- _About this task_
Transcribe the data exactly. Pictures stay out.

+++ Given entries +++

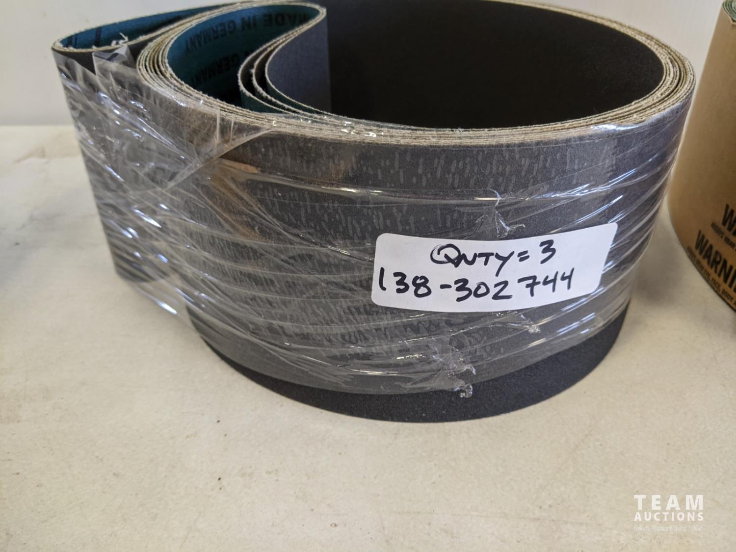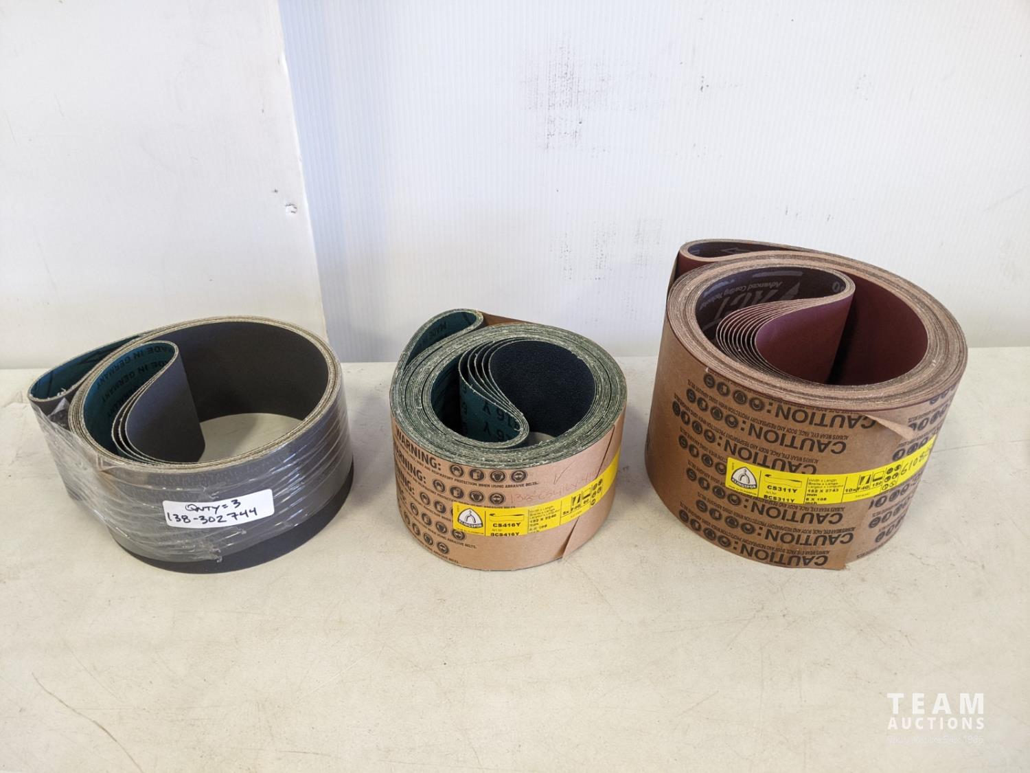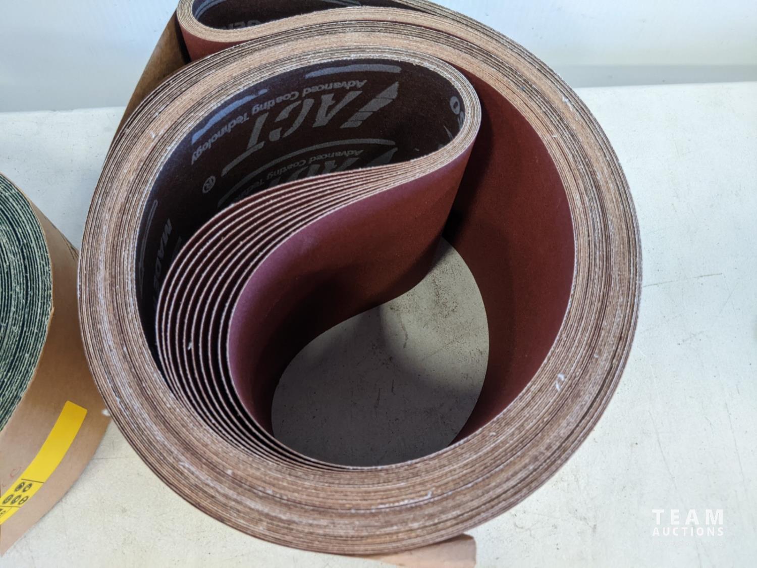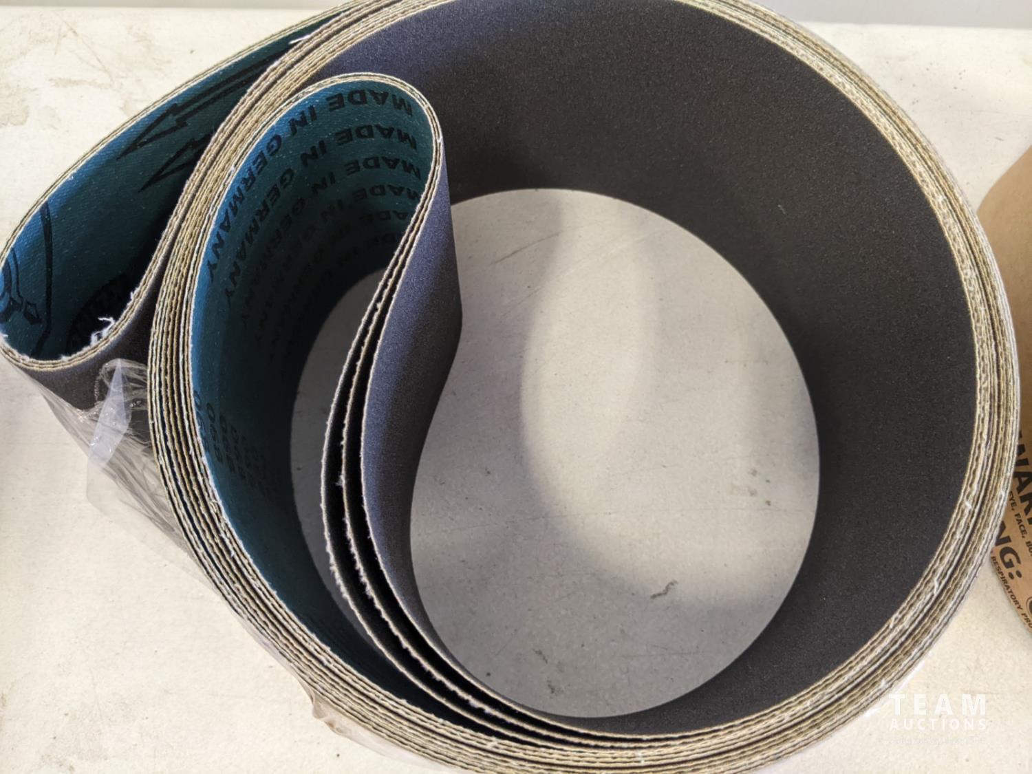 (10) 6 inch x 108 inch 150 grit and (5) 4 inch x 100 inch 60 grit and (3) 1-1/8 inch x 21 inch 120 grit
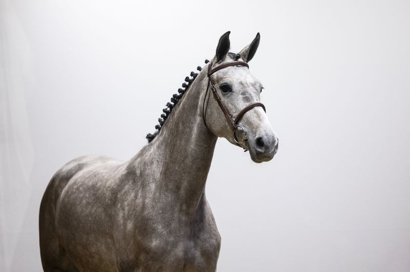 Beautiful grey, only four weeks under saddle. He has a good attitude and is already pleasant to ride. He takes everything on easily and stays relaxed in his body. Over the fences he is careful and jumps a bigger fence naturally. A young horse with quality and natural ability. Sire Ci Ci Senjor Ask (1.60m) is by Cassini I (1.60m) out of a Capitol I damline. He produced multiple 1.60m performers such as Ci Beau Ask, Cicci BJN and Senjor Catello. A proven Holsteiner sire line with scope and technique firmly anchored. Dam Nateusie-S (by Ducati van Schuttershof 1.55m) traces back to Arusa S (by Berlin 1.60m). From this direct line come several 1.45m–1.60m performers including Amareusa S, Oteusi, Illusion, New Mexico, Re Mexico, Jumping Jack ZF, India Blue ZF, Goteusi and Uterusa. Further down the damline through Ferusa (by Le Mexico) and Terusa (by Lucky Boy xx), this family consistently produces 1.45m–1.60m sport horses and approved stallions. A strong and proven performance line.
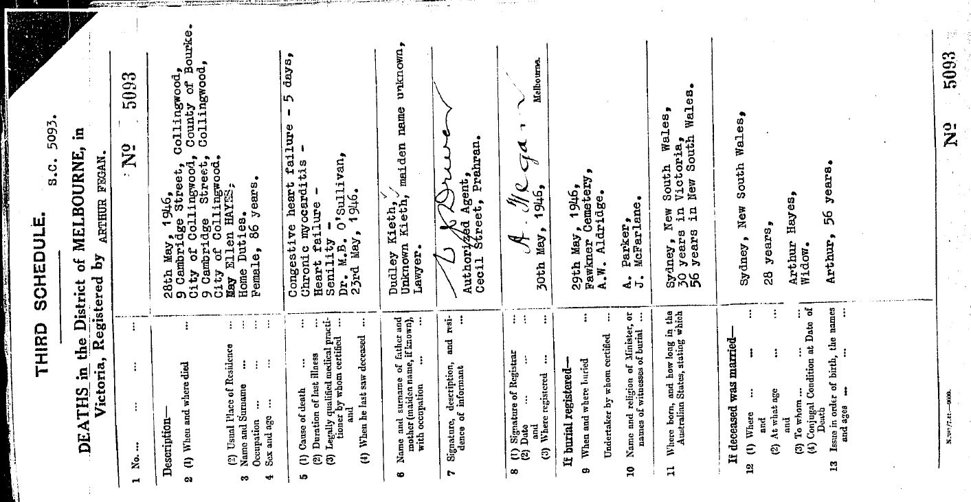 1946 death certificate for Mary Ellen KEITH/HAYES. |
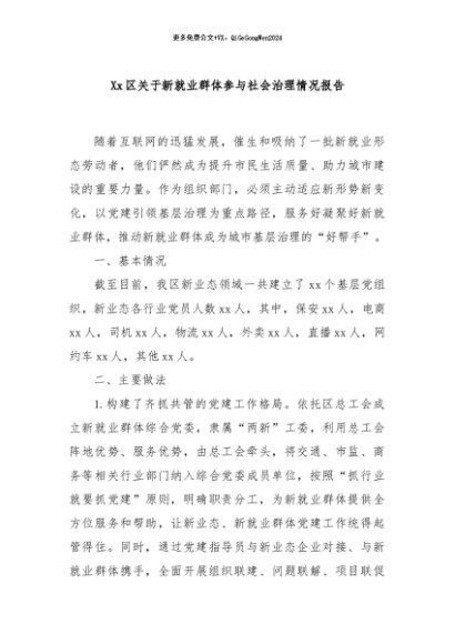 / 【七哥公文】2024年:Xx区关于新就业群体参与社会治理情况报告+更多免费公文+VX:QiGeGongWen2024
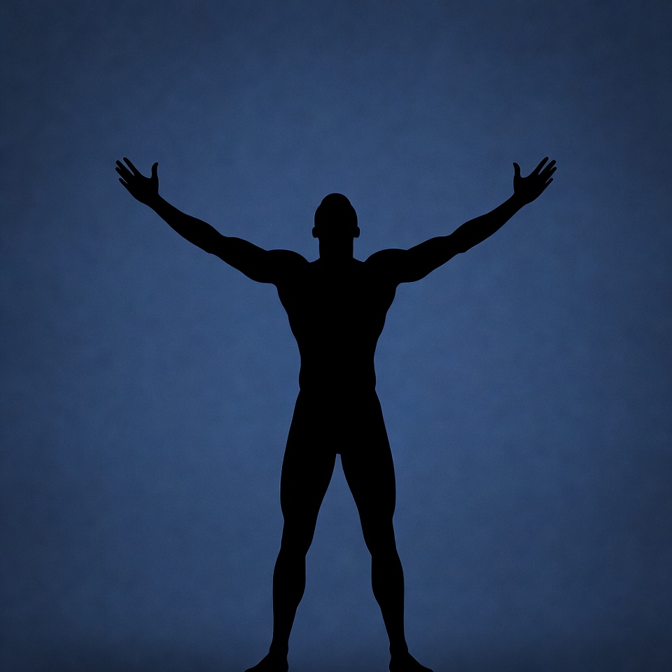 A black silhouette of a muscular man stands against a blue gradient background. He has broad shoulders, defined biceps, and strong legs, with both arms raised high above his head and palms open. The figure is centered and isolated on the textured blue backdrop.
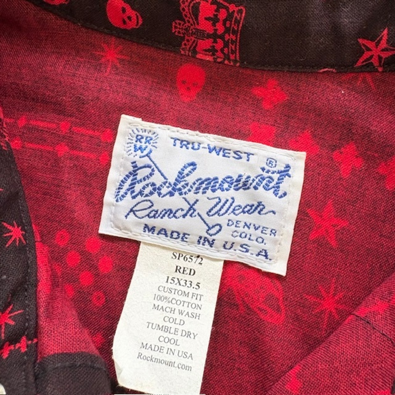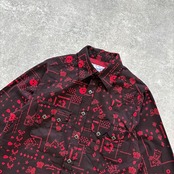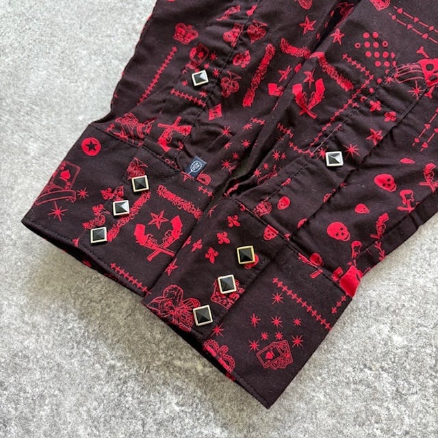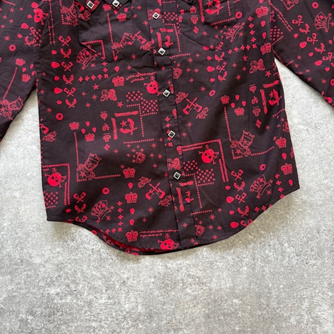 【Rock mount】ロックマウント ウエスタンシャツ 長袖シャツ ボタンダウンシャツ スカル ギター クラウン 総柄 USA製 アメリカ製 ブラック
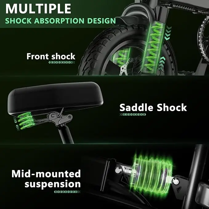 Range: 30-35km (25km/h) Brakes: Front and rear dual disc brakes Front shock absorber: Front spring with 6 watt LED headlights, rear brake warning light
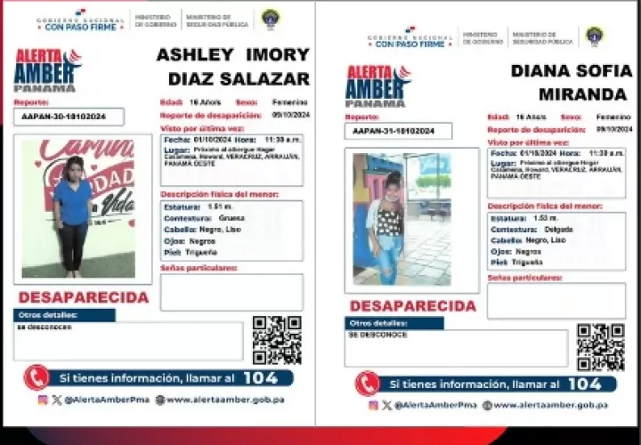 La preocupación se apodera de Panamá Oeste. El Ministerio Público ha activado tres alertas Amber para localizar a Rachell Brigiht Guevara Carrasco, Diana Sofia Miranda y Ashley Imory Díaz Salazar, todas de 16 años de edad.

+++

- _Completed exercise_
 (10) 6 inch x 108 inch 150 grit and (5) 4 inch x 100 inch 60 grit and (3) 1-1/8 inch x 21 inch 120 grit
 Beautiful grey, only four weeks under saddle. He has a good attitude and is already pleasant to ride. He takes everything on easily and stays relaxed in his body. Over the fences he is careful and jumps a bigger fence naturally. A young horse with quality and natural ability. Sire Ci Ci Senjor Ask (1.60m) is by Cassini I (1.60m) out of a Capitol I damline. He produced multiple 1.60m performers such as Ci Beau Ask, Cicci BJN and Senjor Catello. A proven Holsteiner sire line with scope and technique firmly anchored. Dam Nateusie-S (by Ducati van Schuttershof 1.55m) traces back to Arusa S (by Berlin 1.60m). From this direct line come several 1.45m–1.60m performers including Amareusa S, Oteusi, Illusion, New Mexico, Re Mexico, Jumping Jack ZF, India Blue ZF, Goteusi and Uterusa. Further down the damline through Ferusa (by Le Mexico) and Terusa (by Lucky Boy xx), this family consistently produces 1.45m–1.60m sport horses and approved stallions. A strong and proven performance line.
 1946 death certificate for Mary Ellen KEITH/HAYES. |
 / 【七哥公文】2024年:Xx区关于新就业群体参与社会治理情况报告+更多免费公文+VX:QiGeGongWen2024
 A black silhouette of a muscular man stands against a blue gradient background. He has broad shoulders, defined biceps, and strong legs, with both arms raised high above his head and palms open. The figure is centered and isolated on the textured blue backdrop.
 【Rock mount】ロックマウント ウエスタンシャツ 長袖シャツ ボタンダウンシャツ スカル ギター クラウン 総柄 USA製 アメリカ製 ブラック
 Range: 30-35km (25km/h) Brakes: Front and rear dual disc brakes Front shock absorber: Front spring with 6 watt LED headlights, rear brake warning light
 La preocupación se apodera de Panamá Oeste. El Ministerio Público ha activado tres alertas Amber para localizar a Rachell Brigiht Guevara Carrasco, Diana Sofia Miranda y Ashley Imory Díaz Salazar, todas de 16 años de edad.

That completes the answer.